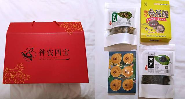 平时都不在旅游景点购物,这次在神农架就买了神农四宝:干的小花菇拿回去煲鸡,干木耳也可以用来炒鸡,香脆菇开袋即食,小小的杯装蜂蜜很方便食用,一次开一个,太棒啦!
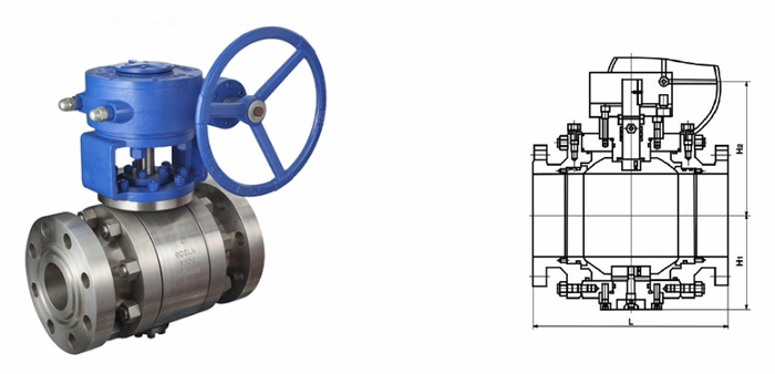 高壓球閥為三片式閥體結(jié)構(gòu),左右側(cè)蓋通過螺栓固定在中體兩側(cè),閥體的內(nèi)部開設(shè)有流體通道,并在側(cè)蓋內(nèi)壁設(shè)有鏤空的閥座,閥座的里面放置有球體,球體的頂部有閥桿,驅(qū)動(dòng)裝置帶動(dòng)閥桿作90°旋轉(zhuǎn),以達(dá)到切斷或接通高壓管路介質(zhì)。該閥中體可以按常規(guī)鍛造工藝,在自由鍛錘上馬架擴(kuò)孔,也可采用厚壁無縫結(jié)構(gòu)鋼管,其兩側(cè)蓋實(shí)際上是一個(gè)形狀類似于標(biāo)準(zhǔn)的對(duì)焊法蘭,而對(duì)于法蘭連接端的該閥,主要是采用鍛焊結(jié)構(gòu),即在對(duì)焊端的左右側(cè)蓋上分別再焊上一個(gè)對(duì)焊法蘭。
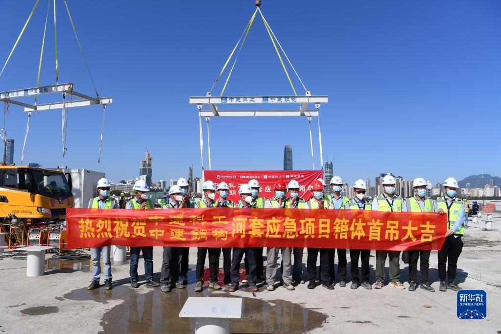中央援港應急醫院項目完成首個(gè)集成式箱體吊裝
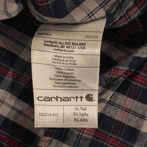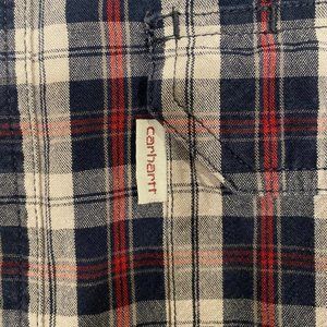 Carhartt Blue White Red Plaid Cotton Relaxed Fit Button Down Shirt Men's XL Tall
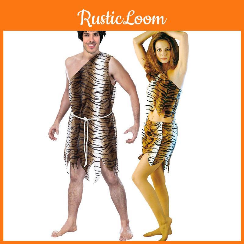 High Quality Unisex Adult Caveman Costume For Halloween With Tiger Print Design
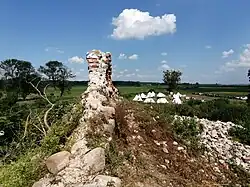 Die Ruine von Burg Kremzow befindet sich im Überschwemmungsgebiet der Ihna nördlich von Krępcewo (Kremzow) in Hinterpommern, Polen.
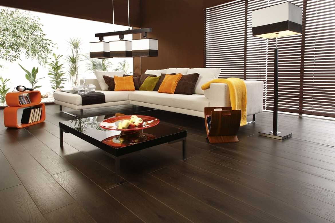 Виниловая плитка представляет собой разрезанный на отдельные части ПВХ-линолеум. Многие свойства материал унаследовал от обычного линолеума: стоимость, прочность, простота в уходе, звукоизоляция. Поверхность такого покрытия нескользкая, может выдержать недлительное воздействие влаги, а уж возможных вариантов цвета и текстуры – огромное количество, поэтому гостиную можно будет выполнить в любом стиле.
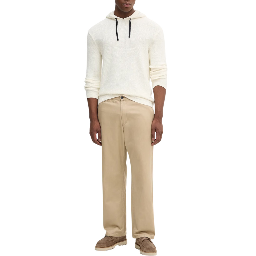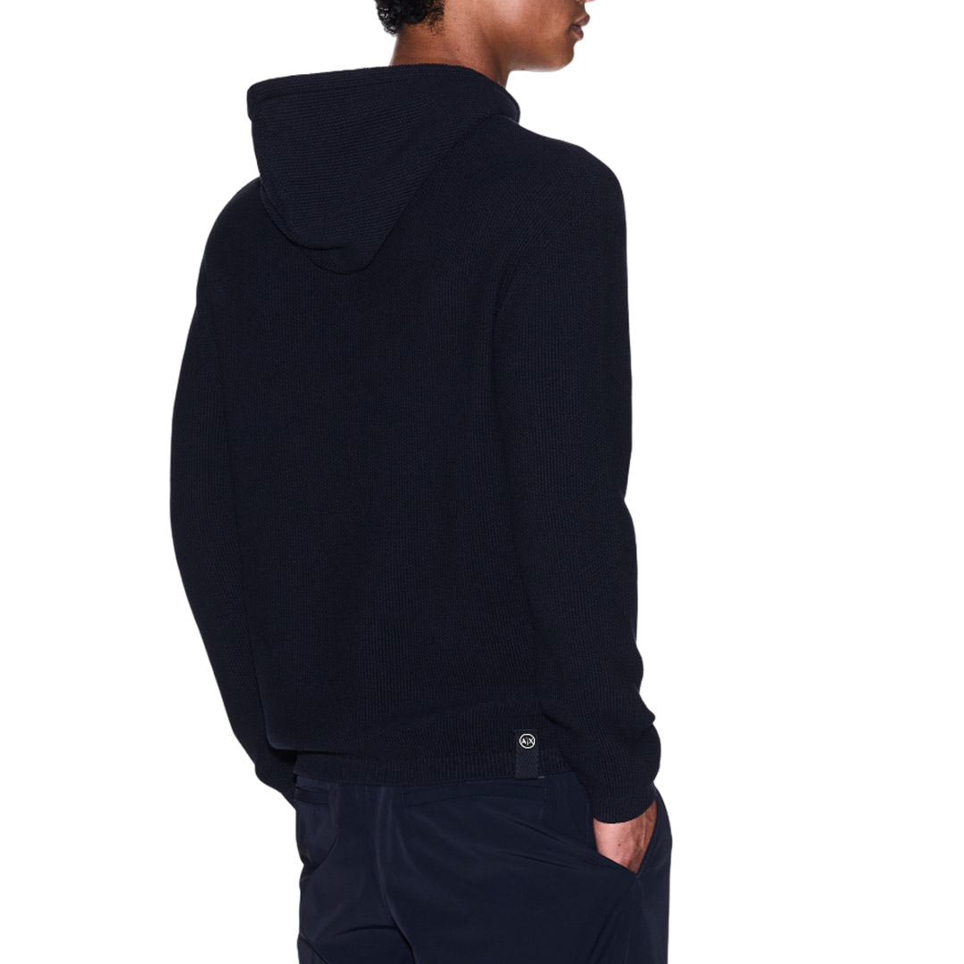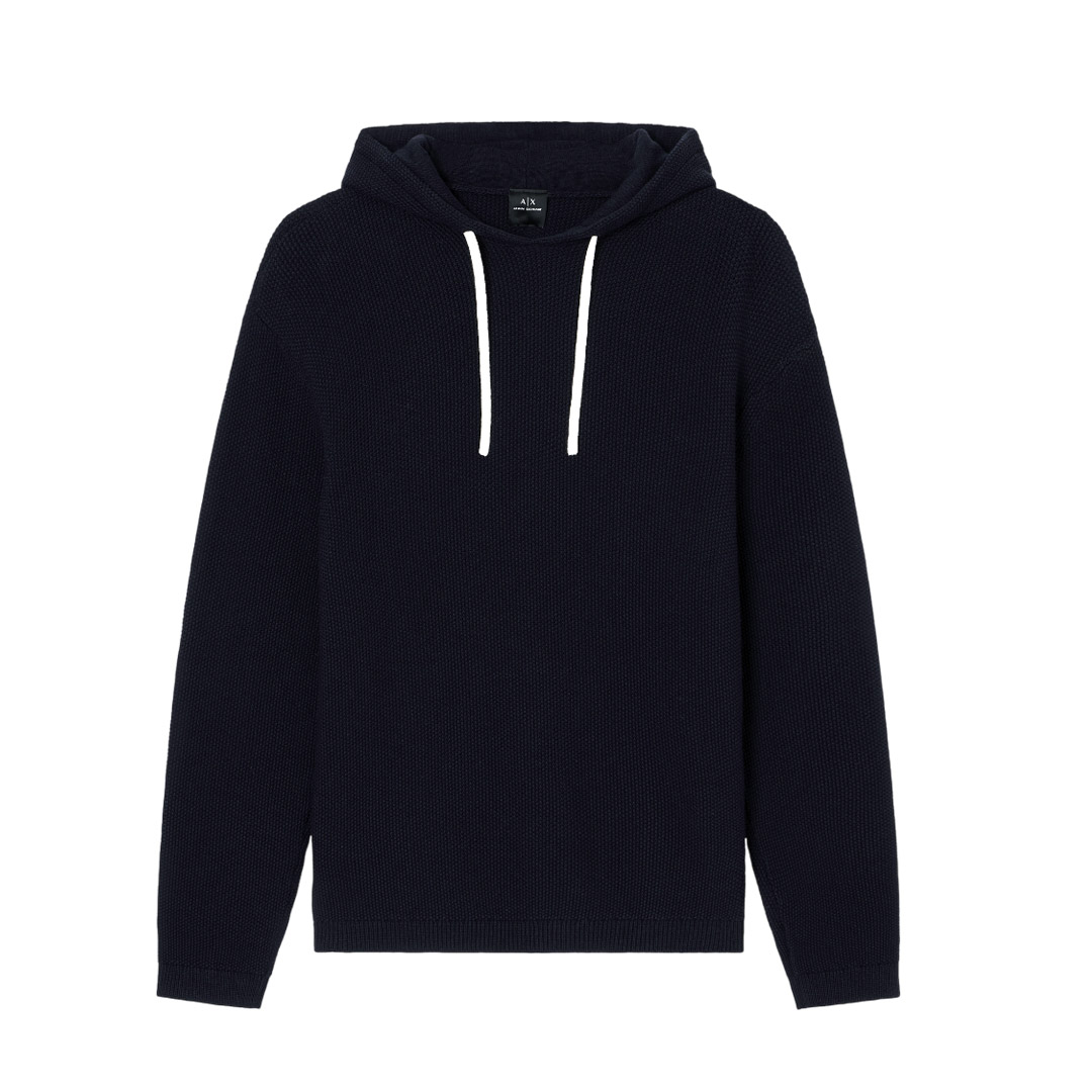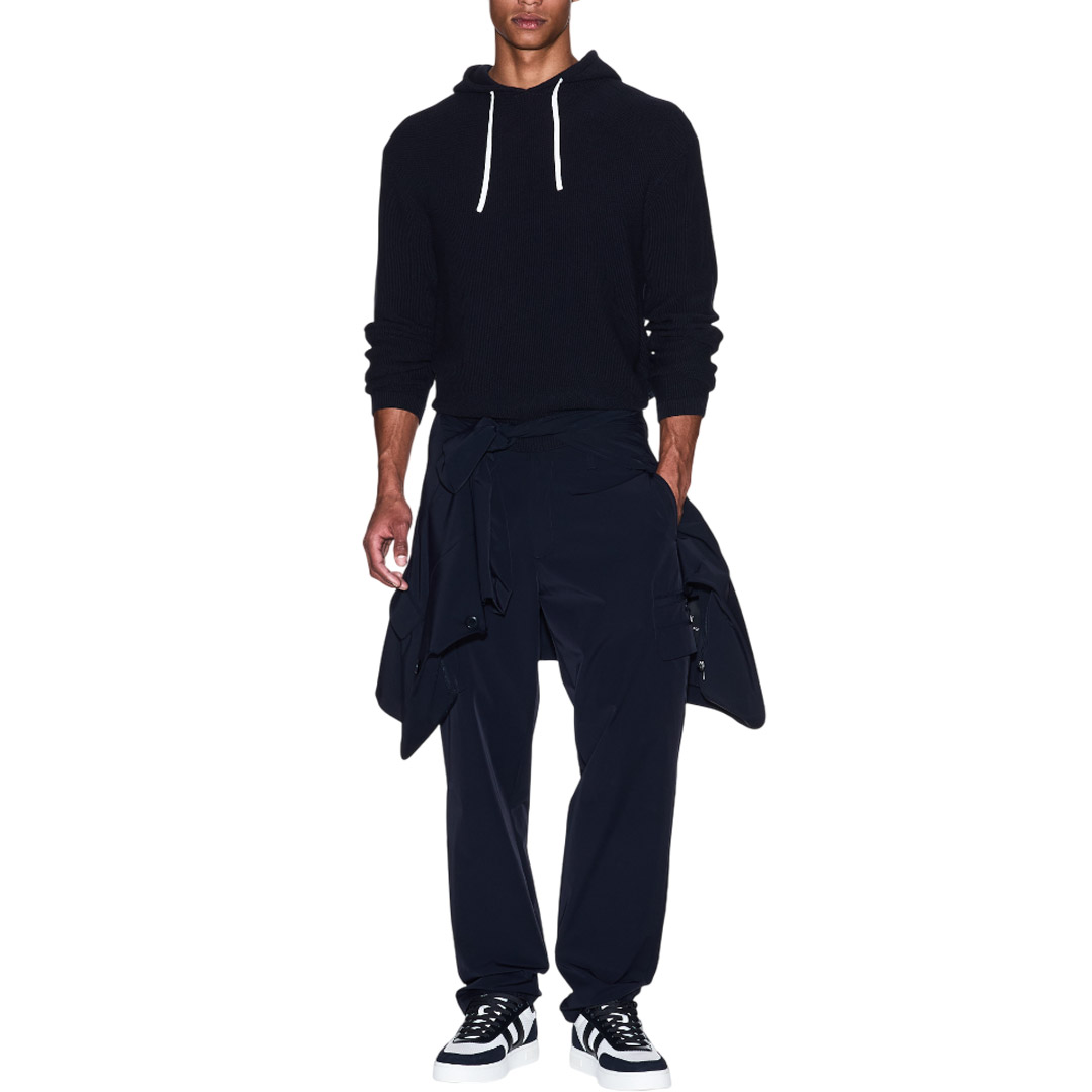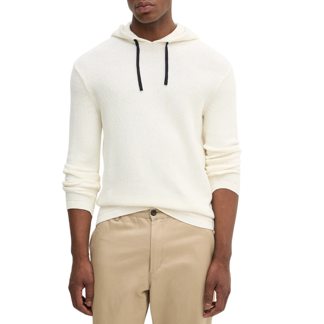 Maglione con cappuccio in cotone lavorato a maglia con punto riso, che gli conferisce una texture tridimensionale e un fascino super contemporaneo. Questo capo ibrido tra un maglione e una felpa è ideale per chi cerca comfort e stile senza compromessi. Il cappuccio con coulisse a contrasto aggiunge un dettaglio urbano e funzionale, mentre la silhouette rilassata lo rende perfetto per ogni momento della giornata.
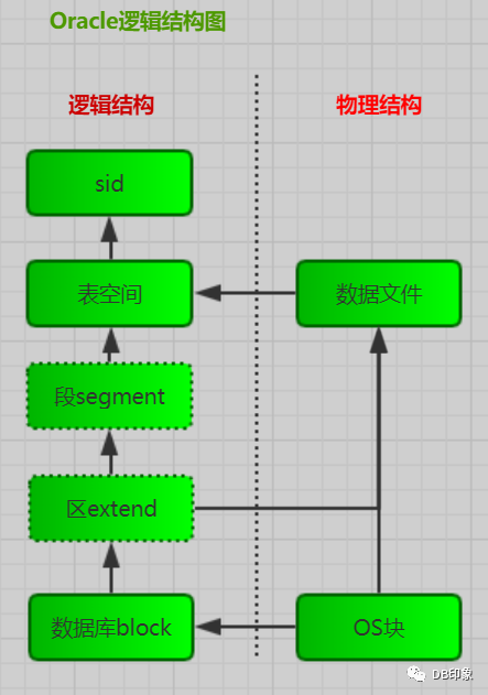 首先,是Oracle DBA比较熟悉的逻辑结构图:

### Your goal
For this exercise, copy the entries above exactly and skip any picture.

### Answer to this problem
 平时都不在旅游景点购物,这次在神农架就买了神农四宝:干的小花菇拿回去煲鸡,干木耳也可以用来炒鸡,香脆菇开袋即食,小小的杯装蜂蜜很方便食用,一次开一个,太棒啦!
 高壓球閥為三片式閥體結(jié)構(gòu),左右側(cè)蓋通過螺栓固定在中體兩側(cè),閥體的內(nèi)部開設(shè)有流體通道,并在側(cè)蓋內(nèi)壁設(shè)有鏤空的閥座,閥座的里面放置有球體,球體的頂部有閥桿,驅(qū)動(dòng)裝置帶動(dòng)閥桿作90°旋轉(zhuǎn),以達(dá)到切斷或接通高壓管路介質(zhì)。該閥中體可以按常規(guī)鍛造工藝,在自由鍛錘上馬架擴(kuò)孔,也可采用厚壁無縫結(jié)構(gòu)鋼管,其兩側(cè)蓋實(shí)際上是一個(gè)形狀類似于標(biāo)準(zhǔn)的對(duì)焊法蘭,而對(duì)于法蘭連接端的該閥,主要是采用鍛焊結(jié)構(gòu),即在對(duì)焊端的左右側(cè)蓋上分別再焊上一個(gè)對(duì)焊法蘭。
中央援港應急醫院項目完成首個(gè)集成式箱體吊裝
 Carhartt Blue White Red Plaid Cotton Relaxed Fit Button Down Shirt Men's XL Tall
 High Quality Unisex Adult Caveman Costume For Halloween With Tiger Print Design
 Die Ruine von Burg Kremzow befindet sich im Überschwemmungsgebiet der Ihna nördlich von Krępcewo (Kremzow) in Hinterpommern, Polen.
 Виниловая плитка представляет собой разрезанный на отдельные части ПВХ-линолеум. Многие свойства материал унаследовал от обычного линолеума: стоимость, прочность, простота в уходе, звукоизоляция. Поверхность такого покрытия нескользкая, может выдержать недлительное воздействие влаги, а уж возможных вариантов цвета и текстуры – огромное количество, поэтому гостиную можно будет выполнить в любом стиле.
 Maglione con cappuccio in cotone lavorato a maglia con punto riso, che gli conferisce una texture tridimensionale e un fascino super contemporaneo. Questo capo ibrido tra un maglione e una felpa è ideale per chi cerca comfort e stile senza compromessi. Il cappuccio con coulisse a contrasto aggiunge un dettaglio urbano e funzionale, mentre la silhouette rilassata lo rende perfetto per ogni momento della giornata.
 首先,是Oracle DBA比较熟悉的逻辑结构图:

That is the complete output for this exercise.